I don't hate Tom, I never could.  But the pain resonating in Maria's outburst -- that I understood better than I ever have before.

West Side Story is personal for me -- it's part of me.  Its existence in my life contributes to all that defines me as a human.  I love it with my whole heart, my whole mind, my whole being.  I'm still tingling from what I experienced last night and I will likely have more thoughts on the subject later.  But I couldn't wait to share with you what I had so far.

I'll leave you with the poem I wrote on May 2, 2006 about another mile-marker moment in my life facilitated by the magic of my favorite movie:


Menage a tois (a Boston poem)

I. We polished off sixteen ounces of So-Co
on a Tuesday night, savoring the last
few swallows around four a.m. We were watching
West Side Story and Tom cried
when Tony fell dead, when Maria stood up
for nonviolence. Whitney said she didn’t
like the movie. As always, I was somewhere
in the middle, content to hum and sing
about love and rumbles and all things passionate.
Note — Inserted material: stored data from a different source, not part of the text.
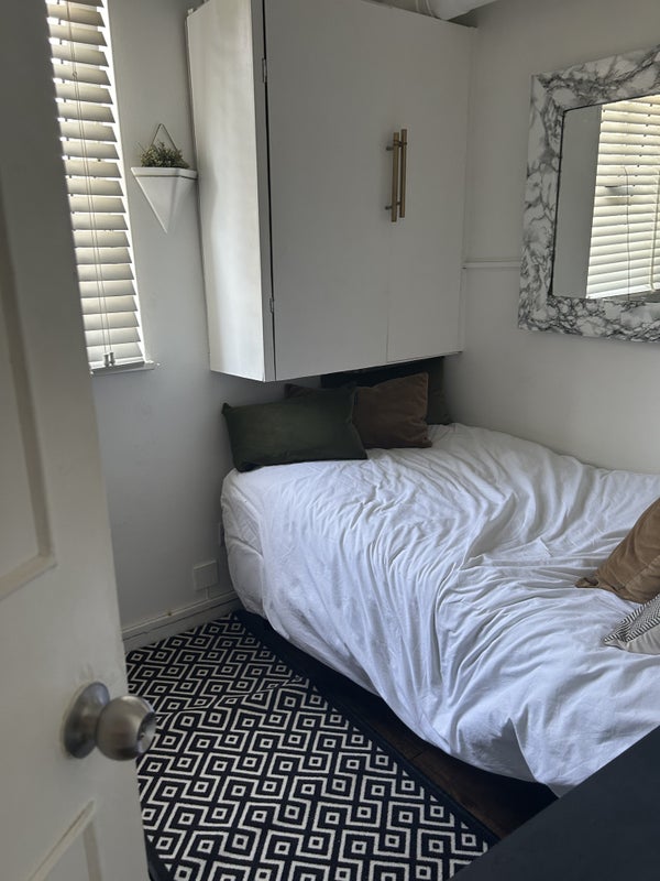 This small single room is ideal for a student or a working professional who commutes to London during the week. The property is shared with the host's daughter, aged 22, and niece, aged 30. There is an option to contribute to the food shop as the household prepares a family meal every evening. Please note that only non-smokers are allowed in the property. Additionally, there is a friendly but elderly family cat who prefers not to be petted.
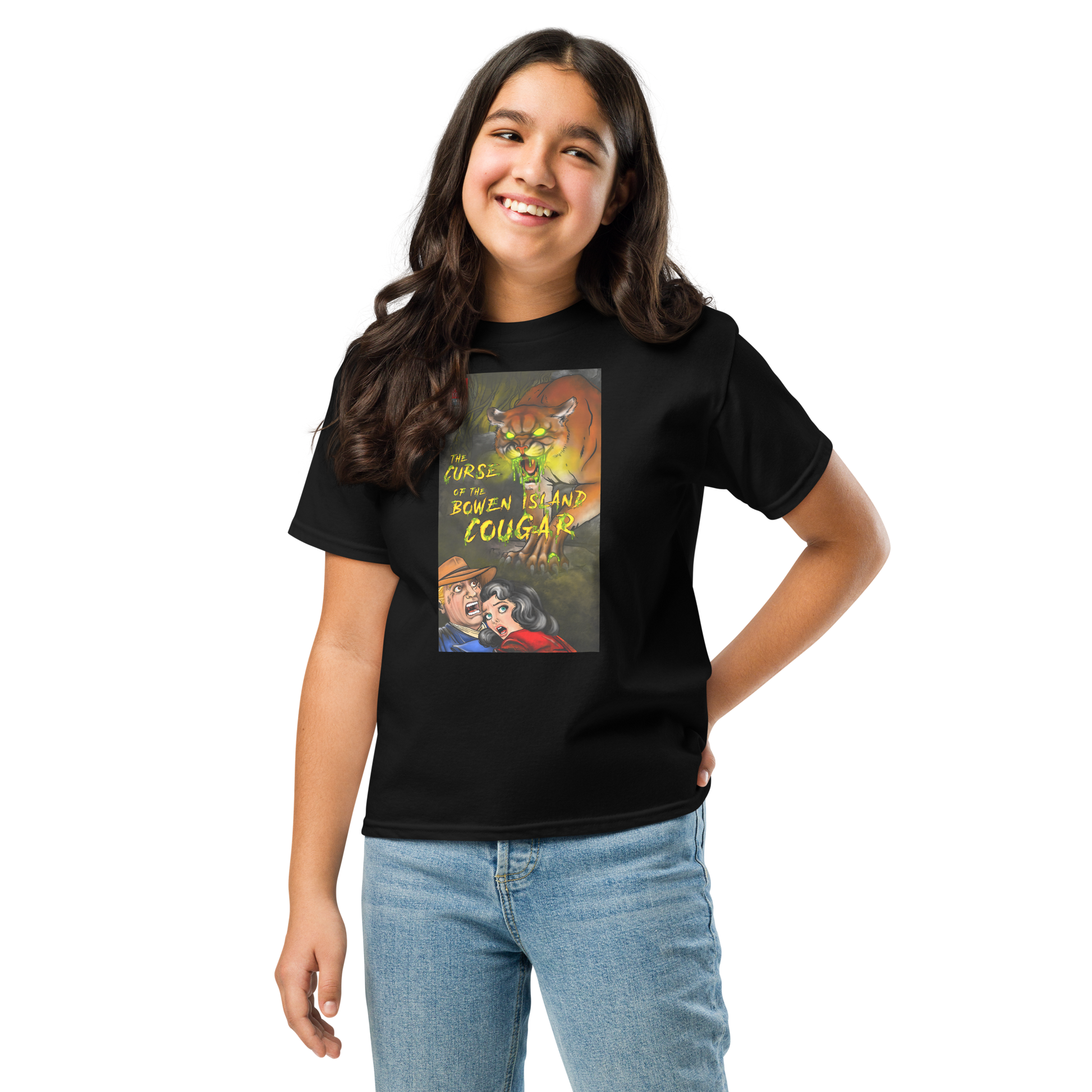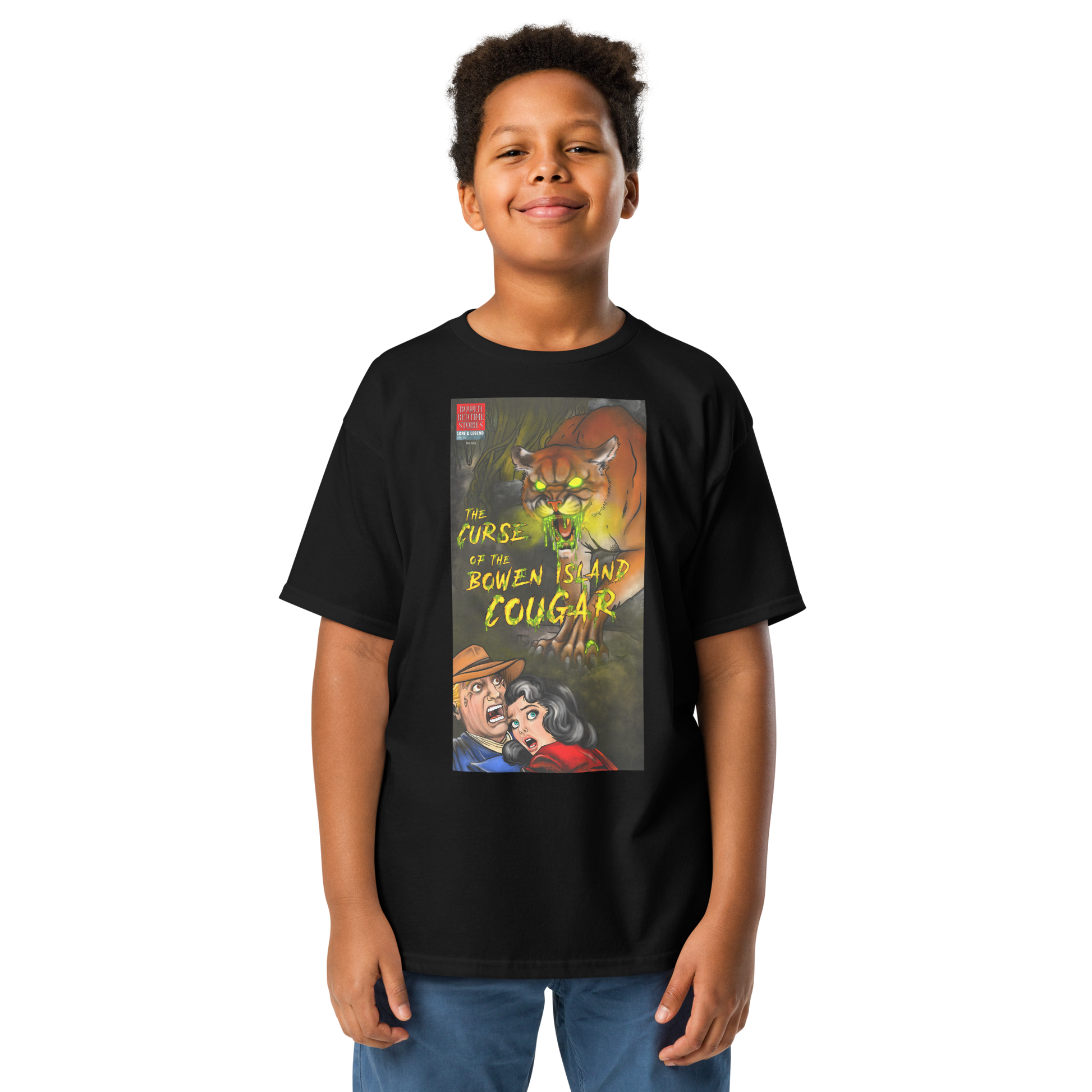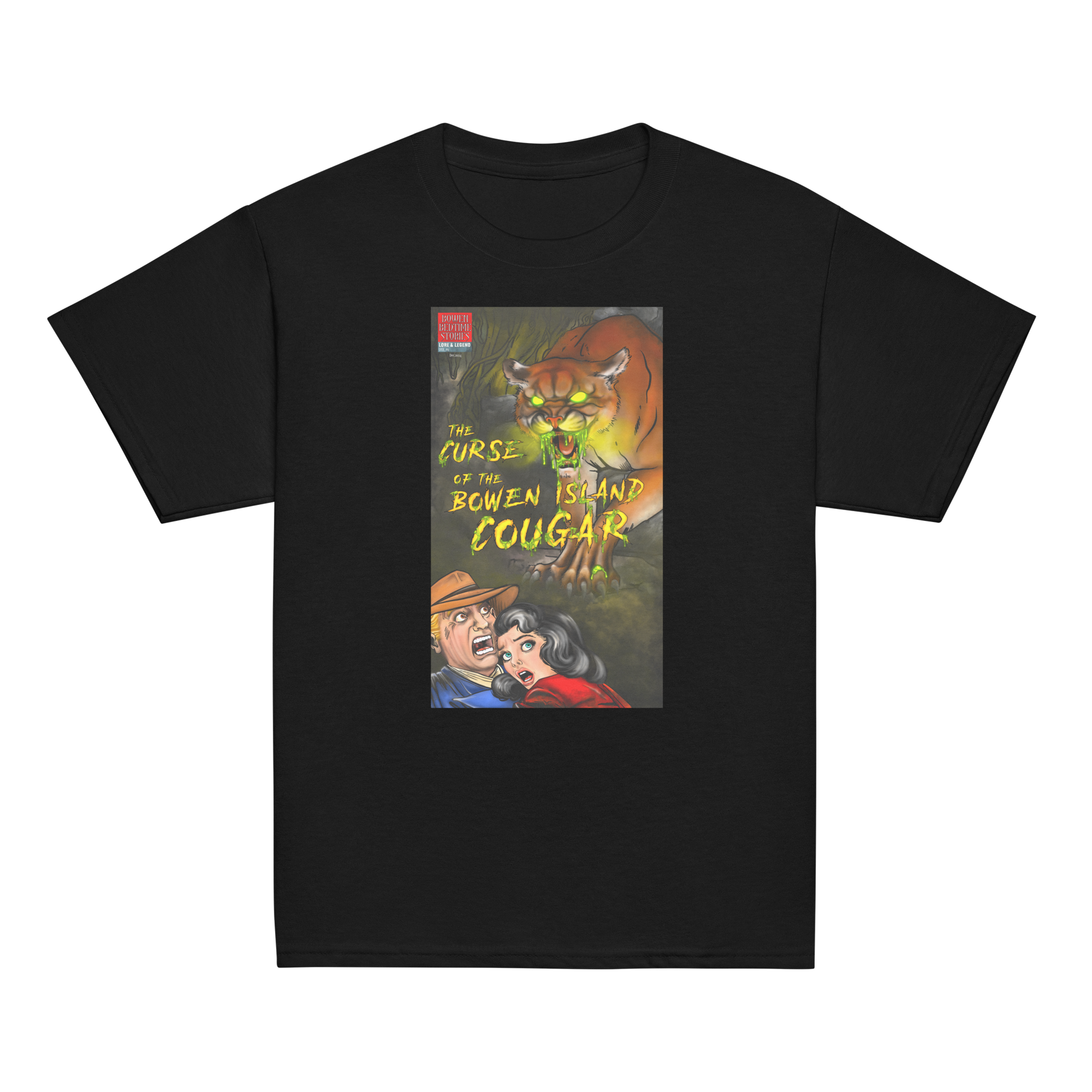 “The Curse of the Bowen Island Cougar” is as unique as the island it comes from. The first in the “Bowen Bedtime Stories - Lore and Legend” series, it is inspired by the widely known cougar currently residing on the island. Reimagined as a 80’s horror comic cover page, the concept was to make light of the highly controversial creature and invoke a sense of communal humour.
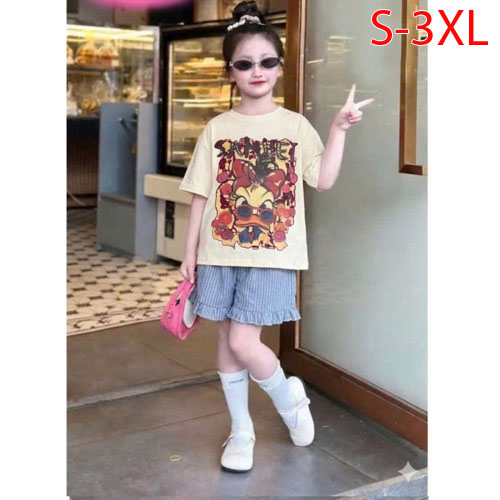 A506057 - Set bé gái áo chất thun cotton in Vịt quần đùi chất lenin_Size S-3XL
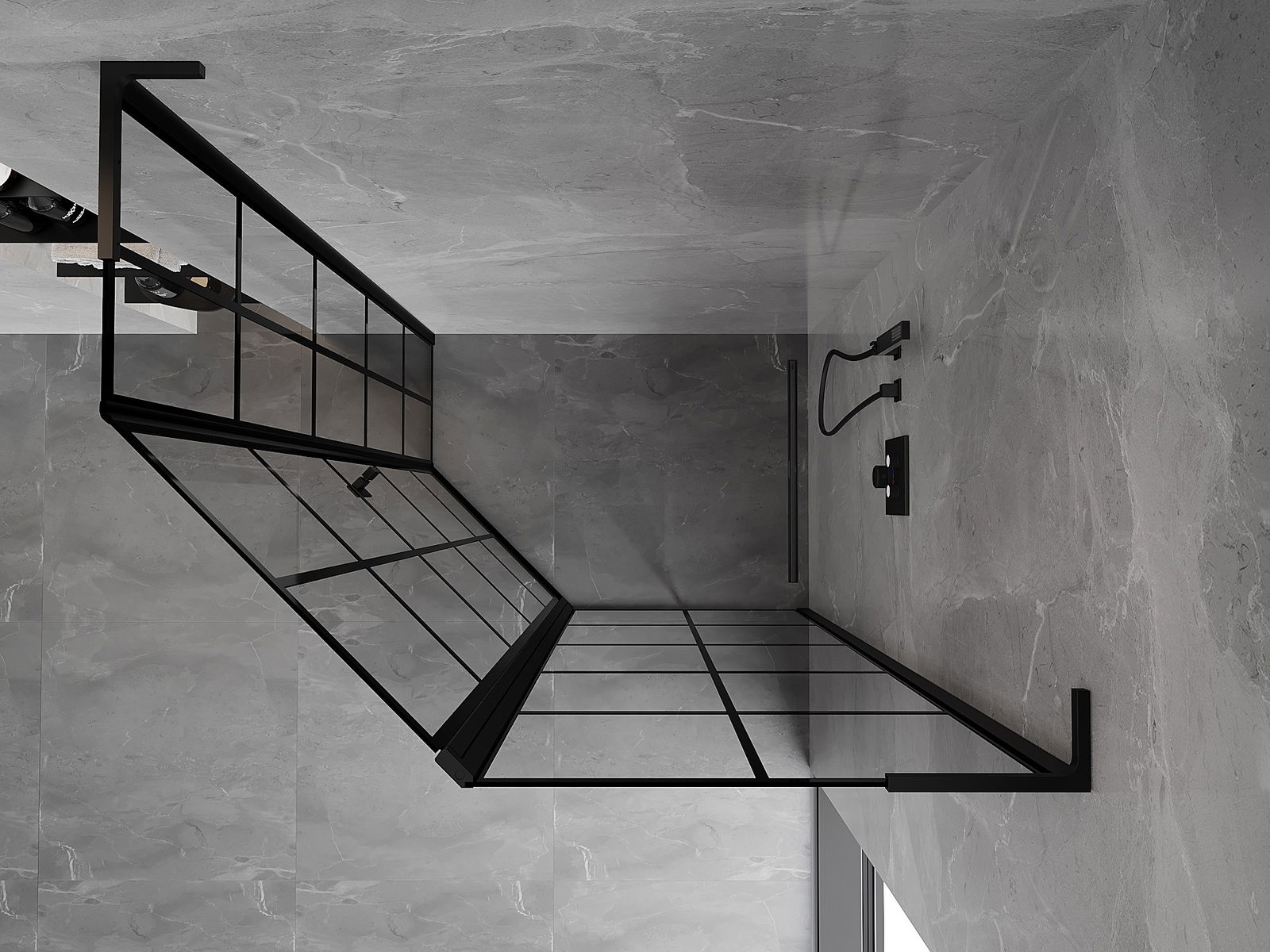 Mexen Mist L asimetriška dešinioji dušo kabina, 90 x 80 cm, juodos grotelės, juoda - 8A8L-090-080-70-77-P
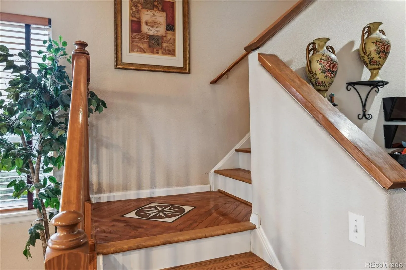 You’ll be greeted by a grand two-story entry with vaulted ceilings, tile and hardwood flooring, graceful arches, and stunning stained glass that bathes the foyer in warm, inviting light. The kitchen, heart of the home, flows into the family room with a gas fireplace, and also connects via the back staircase leading upstairs. Dual islands, a built-in desk, breakfast nook, bar seating, plus access to a walk-in pantry and super spacious mudroom give you plenty of function and style.
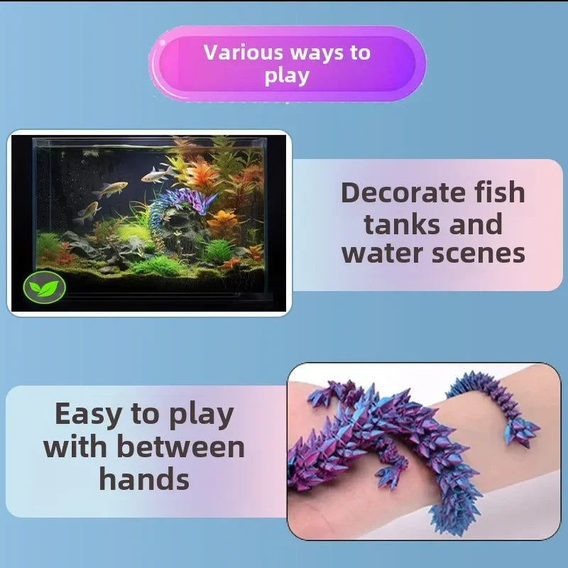 1. Material: 3D printing technology, made from PLA, which is eco-friendly. 2. Flexible Posture: Full joint 3D printing technology gives this dragon a high degree of mobility, you can pose a variety of dynamic and realistic poses at will, to capture every vivid moment of the dragon 3. Versatile Decor occasion: Perfect for offices, fish tanks, or as a unique car accessory, our 3d printed articulated dragon adds whimsy and charm to any space Attention: Due to different computer display colors, the actual color may be slightly different from the picture above, please understand. Color: As per picture Material: PLA Size: 30cm Package Includes:3D Printed Dragon*1pc |

II. Tom colored the nails on his right hand
black with Whitney’s good Sharpie
and drew symbols of anarchy on his wrist.
While she was in the bathroom, he asked me
what else he should draw. I said a heart.
He put an arrow through it.

III. It was the nicest thing anyone had ever said
to me -- “You know, honestly, I have to say, any man
who has even had the chance to touch you
is the luckiest man...” Oh, that Tom,
who told me again that I should call
the lead singer in his band. I balked. Whitney sat
beside the bassist with her arms folded across her chest.




Originally written for the ABC's of 2016 on September 23, 2016 under the title "F is for Fragile."